Het zijn in deze bundel vooral stenen monumenten en sterk gestileerde, haast geritualiseerde ervaringsmomenten die het geheugen tarten, oproepen om te bedenken: ‘stof - dat we dat worden’ of te beslissen: ‘... dit dode / gewicht is niet meer te tillen, ik leg het / als steen aan de voet van de rots’ - met als enige resultaat dat we ‘daarna niet lichter ademen.’

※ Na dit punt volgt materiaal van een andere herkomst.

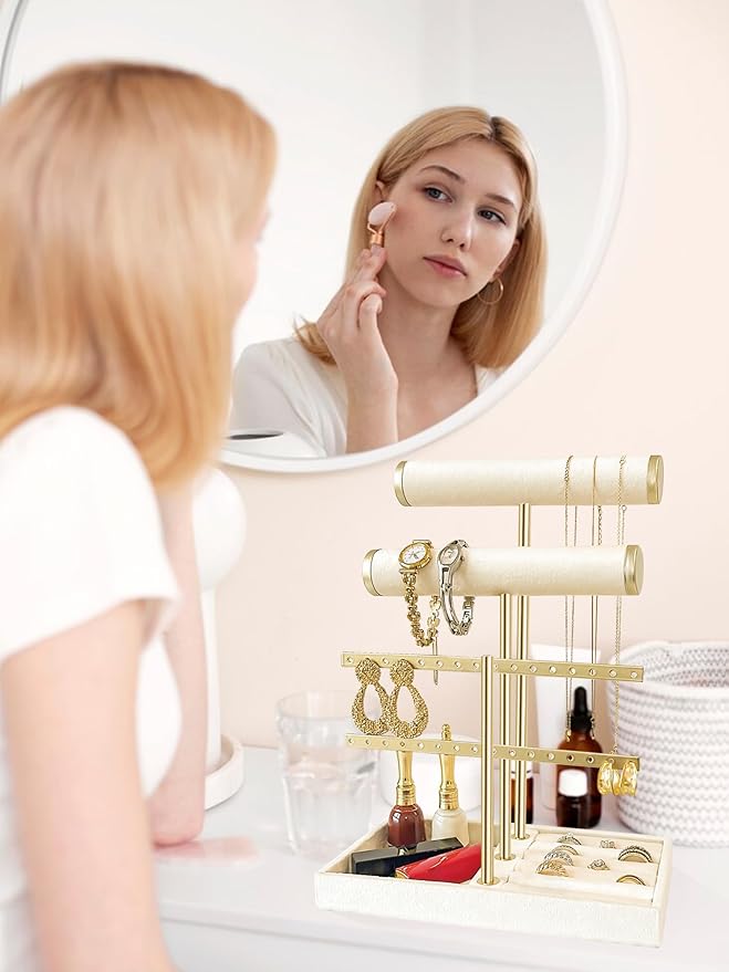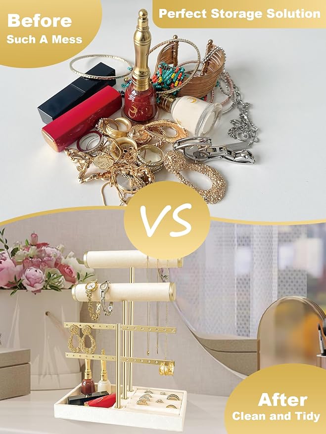 • 【Multi-Functional Jewelry Holder Organizer】Features dedicated T-bar necklace holders, earring slots, bracelet displays, and ring trays. No more tangled jewelry- just stunning Stockholm room decor!
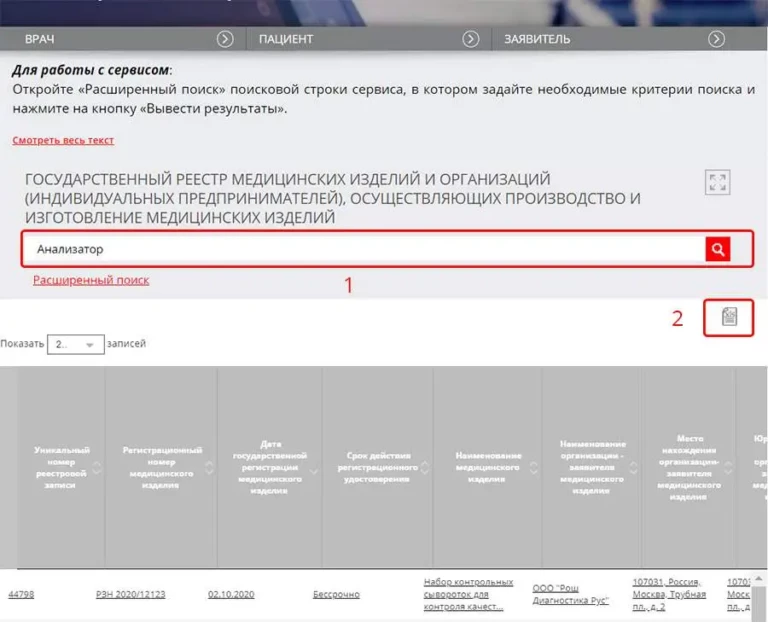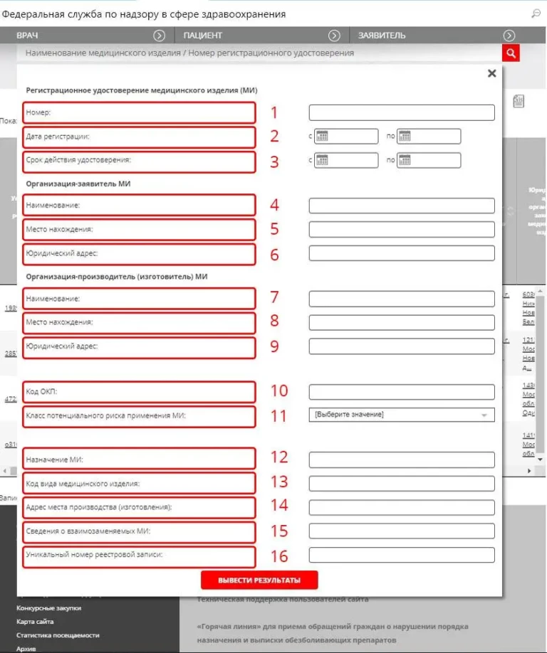 俄罗斯医疗器械注册表高级查询搜索窗口

Toch is de toon niet berustend of pessimistisch: ‘Kom / we gaan, er is nog te doen, er wacht / langs de zijlijn een wereld op ons / en er is vast wel weer ergens een hier / om te beginnen geboren.’ De reminiscenties aan de christelijke traditie zijn duidelijk, maar subtiel aanwezig, als evenzovele verwijzingen naar de (on)houdbaarheid van het tijdelijke, en in het volgende gedicht (Heiligdom [3], uit de afdeling Steen dus) op een verrassende wijze vermengd met elementen uit oudoosterse mysteriereligies:
Ook zij dachten in lichaam, waren
bezeten van leven dat uitdooft,
verstoft. Bedenk je huis is van aarde, dat
zeiden ze niet, maar ze zagen
natuurlijk ook hoe je de loop van de schaduw verandert
door te schuiven met zand door een naam
langs de randen te schrijven. Grensgevallen
waren ze zijn we, een hemd over niets
of een ander geloof. Zie ons hier
wapperen in de wind terwijl we
de trappen bestijgen van een godenpaleis
die staat te bidden en smeken Osiris
gun mijn oogappel nog het licht in de ogen, Isis
leen hem het kijkzwart binnen uw iris. Een roepende
in de woestijn zou hij zijn.
Knibbe is een meesteres in het onthullen zonder dat er ook maar iets van het geheim verloren gaat, in zeer geladen, haast afstandelijke taal. Ik las de bundel een paar keer achter elkaar door en was onder de indruk. Zes weken later, toen ik deze recensie ging schrijven, was ik dat nog steeds. Niet voor niets ontving zij voor eerder werk zowel de Herman Gorter- als de Anna Blamanprijs. Zij is een dichteres met een diep en toch helder stemgeluid.
Hester Knibbe, De buigzaamheid van steen. De Arbeiderspers, Amsterdam, 72 blz., €15,95.